PROBLEM TO SOLVE >> Please copy the lines below, exactly as they are, from the one with "レザー×雑材バッグ ¥10000(税込み¥10500) *:Sold out |" through the one with "住宿:丽江金林豪生大酒店(古", and leave out the pictures.

(Records from a data collection)
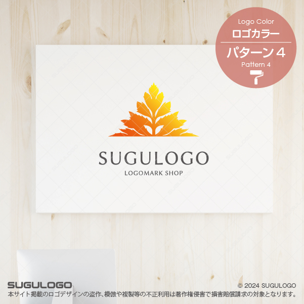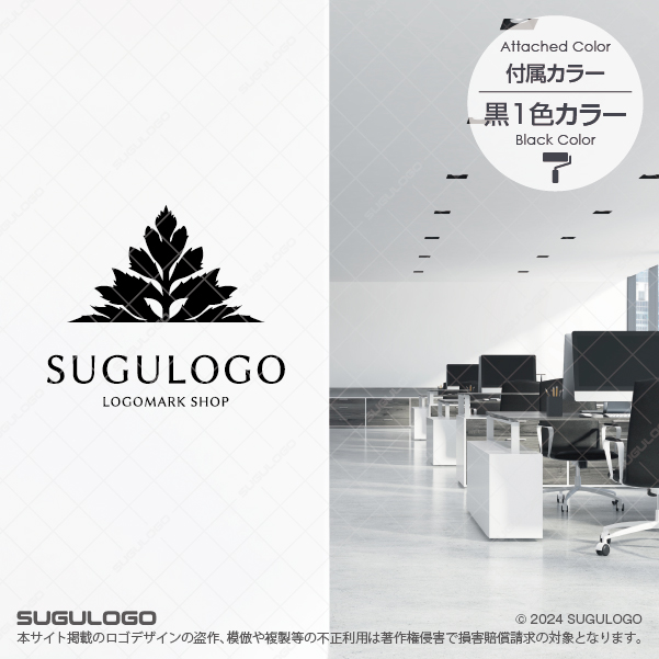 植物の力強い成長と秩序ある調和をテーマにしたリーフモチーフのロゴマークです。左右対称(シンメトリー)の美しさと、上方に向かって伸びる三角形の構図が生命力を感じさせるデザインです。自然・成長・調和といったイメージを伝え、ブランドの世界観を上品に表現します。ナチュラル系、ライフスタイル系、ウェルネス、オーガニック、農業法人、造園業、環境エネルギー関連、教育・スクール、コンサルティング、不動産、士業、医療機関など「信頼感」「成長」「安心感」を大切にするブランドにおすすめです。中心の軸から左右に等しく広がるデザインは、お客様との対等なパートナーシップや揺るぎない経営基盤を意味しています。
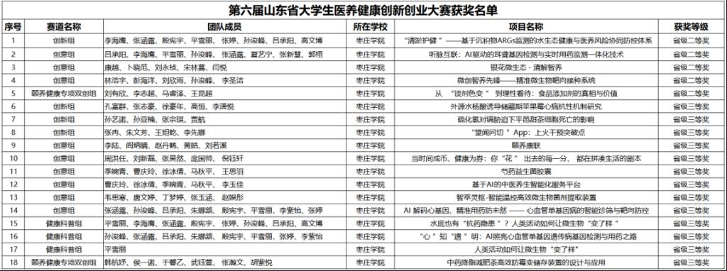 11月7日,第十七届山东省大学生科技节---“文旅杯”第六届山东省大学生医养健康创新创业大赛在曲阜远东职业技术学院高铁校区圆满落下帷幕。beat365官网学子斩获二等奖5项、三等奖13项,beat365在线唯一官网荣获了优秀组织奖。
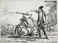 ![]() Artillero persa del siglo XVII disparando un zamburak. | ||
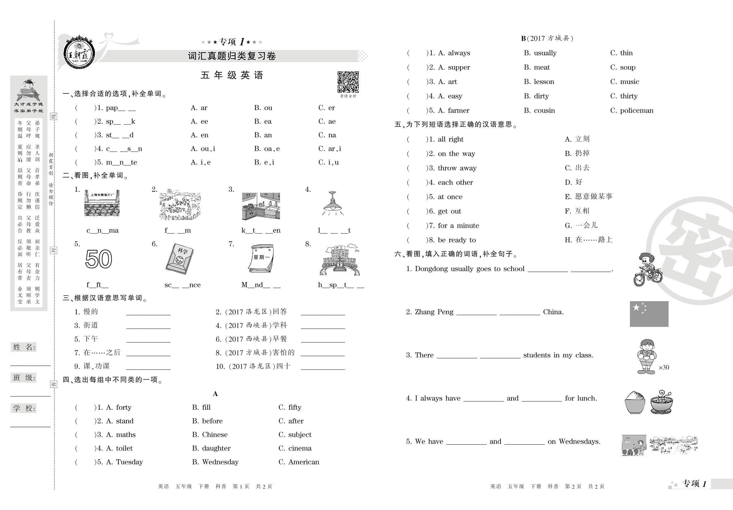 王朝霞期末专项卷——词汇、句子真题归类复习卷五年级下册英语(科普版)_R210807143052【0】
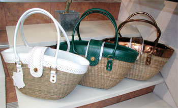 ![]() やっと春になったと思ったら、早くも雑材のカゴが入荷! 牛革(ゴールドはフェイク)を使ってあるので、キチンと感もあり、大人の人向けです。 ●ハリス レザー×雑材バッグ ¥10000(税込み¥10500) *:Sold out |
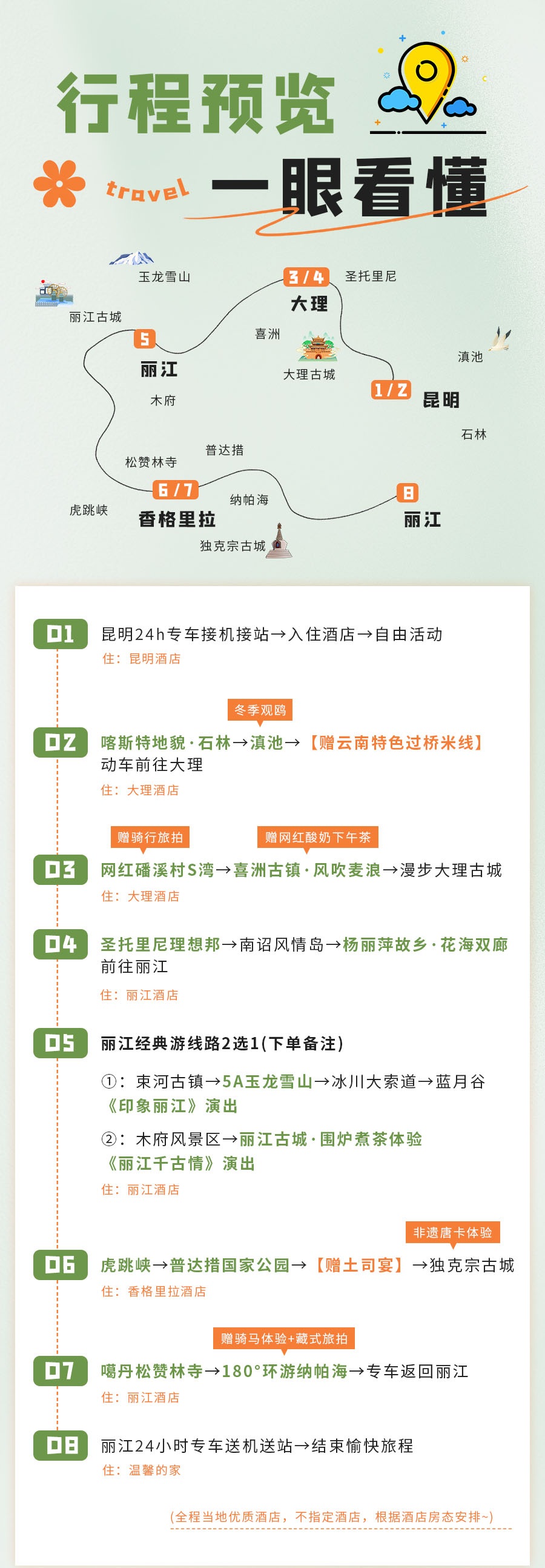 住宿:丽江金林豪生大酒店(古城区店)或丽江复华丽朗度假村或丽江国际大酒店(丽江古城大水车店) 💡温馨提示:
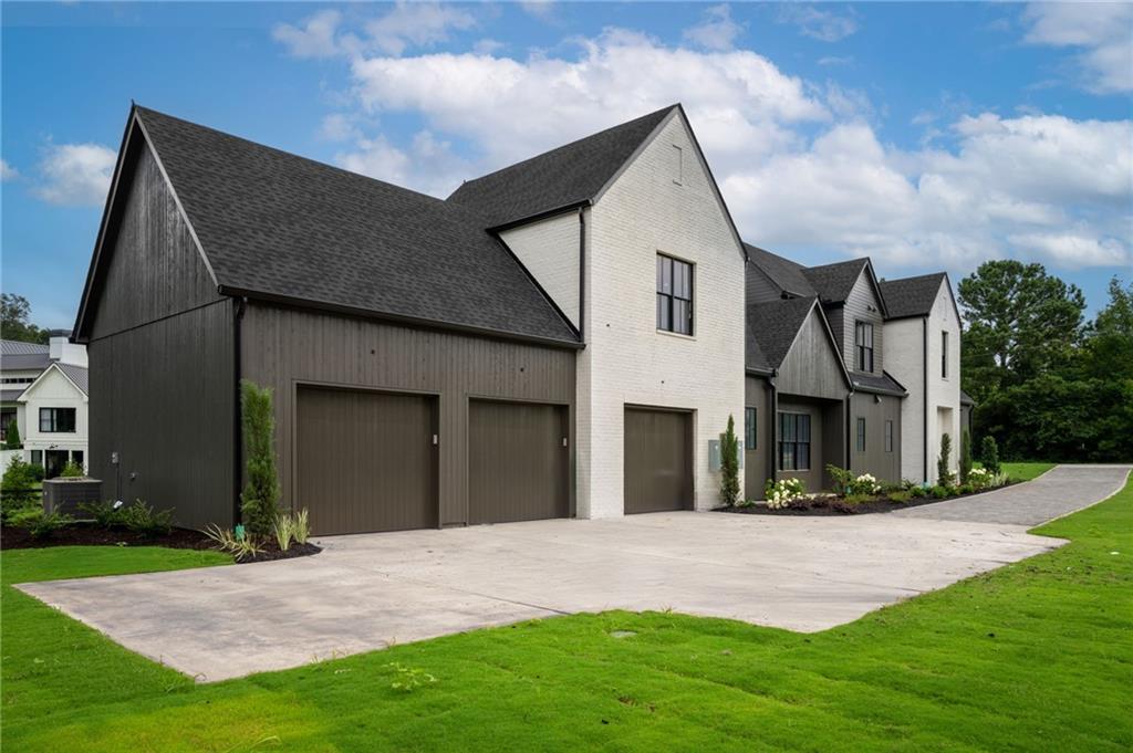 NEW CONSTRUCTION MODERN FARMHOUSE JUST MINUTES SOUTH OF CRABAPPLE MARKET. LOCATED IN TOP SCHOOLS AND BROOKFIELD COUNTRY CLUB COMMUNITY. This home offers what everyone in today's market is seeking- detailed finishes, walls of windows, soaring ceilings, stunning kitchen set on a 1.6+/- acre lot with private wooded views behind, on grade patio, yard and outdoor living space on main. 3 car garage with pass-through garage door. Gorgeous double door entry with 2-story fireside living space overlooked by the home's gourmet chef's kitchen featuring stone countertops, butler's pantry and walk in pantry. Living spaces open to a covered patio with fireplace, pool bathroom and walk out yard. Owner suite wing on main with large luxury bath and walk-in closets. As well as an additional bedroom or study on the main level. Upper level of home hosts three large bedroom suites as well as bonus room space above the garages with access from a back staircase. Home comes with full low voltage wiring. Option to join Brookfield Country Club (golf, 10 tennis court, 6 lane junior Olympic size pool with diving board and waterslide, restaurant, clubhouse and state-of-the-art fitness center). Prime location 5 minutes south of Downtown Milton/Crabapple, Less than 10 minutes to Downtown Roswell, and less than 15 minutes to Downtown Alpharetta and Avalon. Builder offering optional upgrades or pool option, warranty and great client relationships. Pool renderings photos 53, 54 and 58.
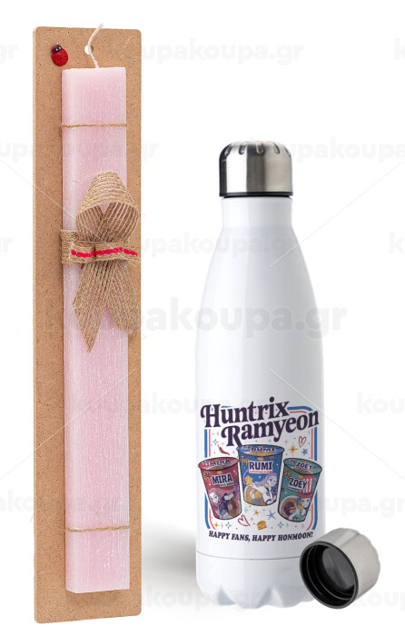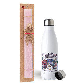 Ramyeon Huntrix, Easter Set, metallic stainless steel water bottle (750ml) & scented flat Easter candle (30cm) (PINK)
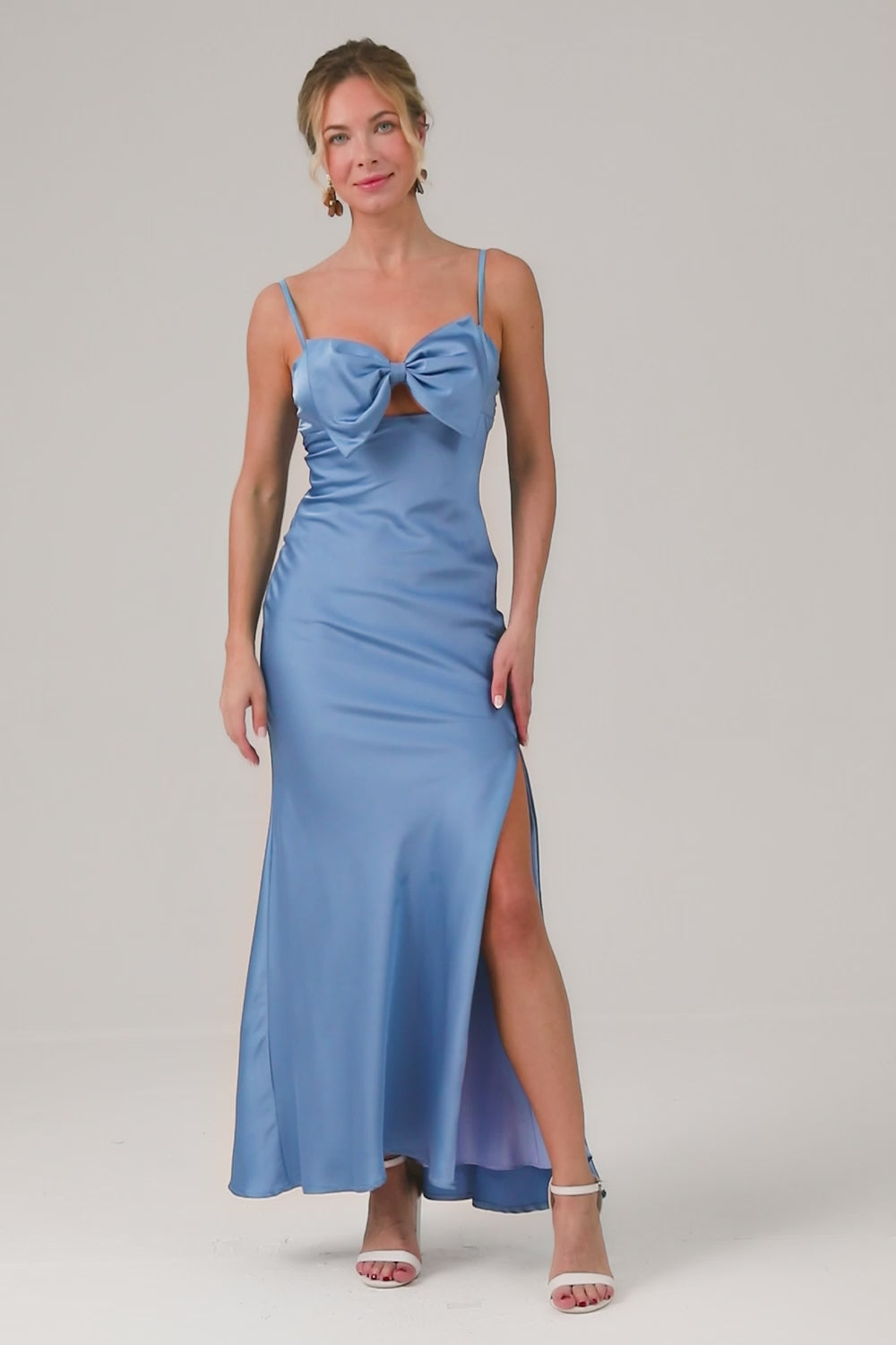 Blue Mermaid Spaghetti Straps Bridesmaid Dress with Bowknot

ANSWER SPACE >>
 ![]() やっと春になったと思ったら、早くも雑材のカゴが入荷! 牛革(ゴールドはフェイク)を使ってあるので、キチンと感もあり、大人の人向けです。 ●ハリス レザー×雑材バッグ ¥10000(税込み¥10500) *:Sold out |
 住宿:丽江金林豪生大酒店(古城区店)或丽江复华丽朗度假村或丽江国际大酒店(丽江古城大水车店) 💡温馨提示:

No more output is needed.